Another problem with this approach is that it would introduce primitive logical operations
 # and &&# with type `Int# -> Int# -> Int#` - it is questionable whether anyone would want such operations available to the programmer. I think it is desirable to have primitive logical operators of type `Bool# -> Bool# -> Bool#`.
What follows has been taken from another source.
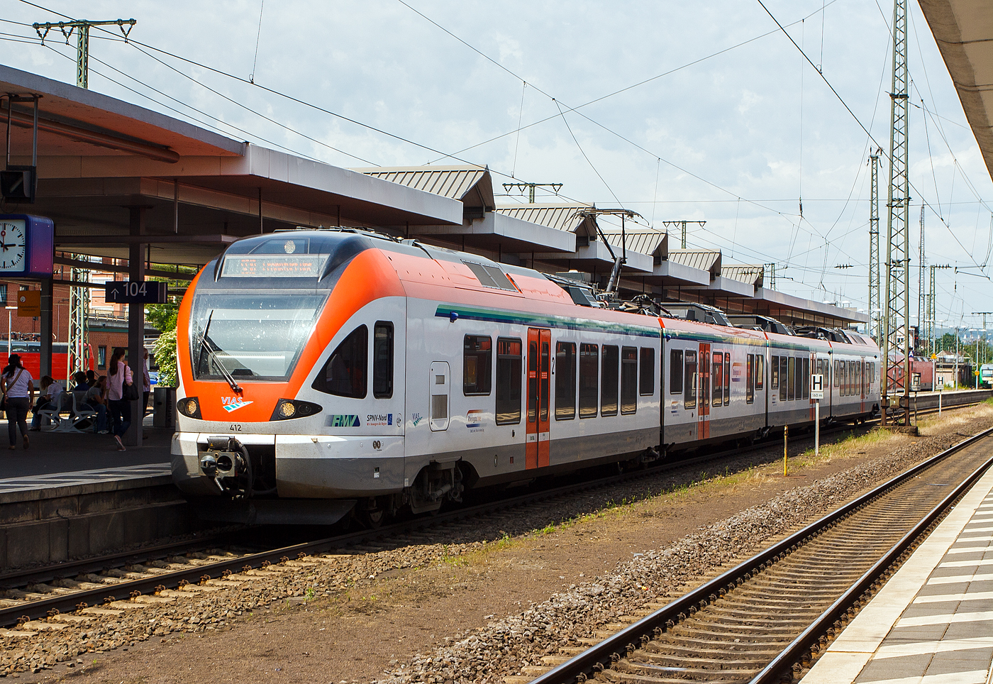 Der vierteilige Stadler FLRIT 401 der VIAS (für die RheingauLinie - SE10) ist am 12.04.2015 im Bahnhof Neuwied abgestellt.

## Places of interest in the source code

The file prelude/primops.txt.pp defines PrimOps and their type signatures. An example definition looks like this:

```primop   IntGtOp  ">#"   Compare   Int# -> Int# -> Bool
with fixity = infix 4
```

Existing definitions should remain unchanged or the code using them would break and that is a Very Bad Thing. This would require creating new PrimOps:

```primop   IntGtOpB  ".>#"   Compare   Int# -> Int# -> Bool#
with fixity = infix 4
```

The tricky part here is `Compare`. This a value constructor of `PrimOpInfo` data type defined in prelude/PrimOp.lhs:

```data PrimOpInfo
= Dyadic      OccName         -- string :: T -> T -> T
Type
| Monadic     OccName         -- string :: T -> T
Type
| Compare     OccName         -- string :: T -> T -> Bool
Type
| GenPrimOp   OccName         -- string :: \/a1..an . T1 -> .. -> Tk -> T
[TyVar]
[Type]
Type
```

We would need new `PrimOpInfo` value to denote PrimOps of type `T -> T -> Bool#`. Appropriate functions like `primOpSig` and `getPrimOpResultInfo` would have to be adjusted accordingly.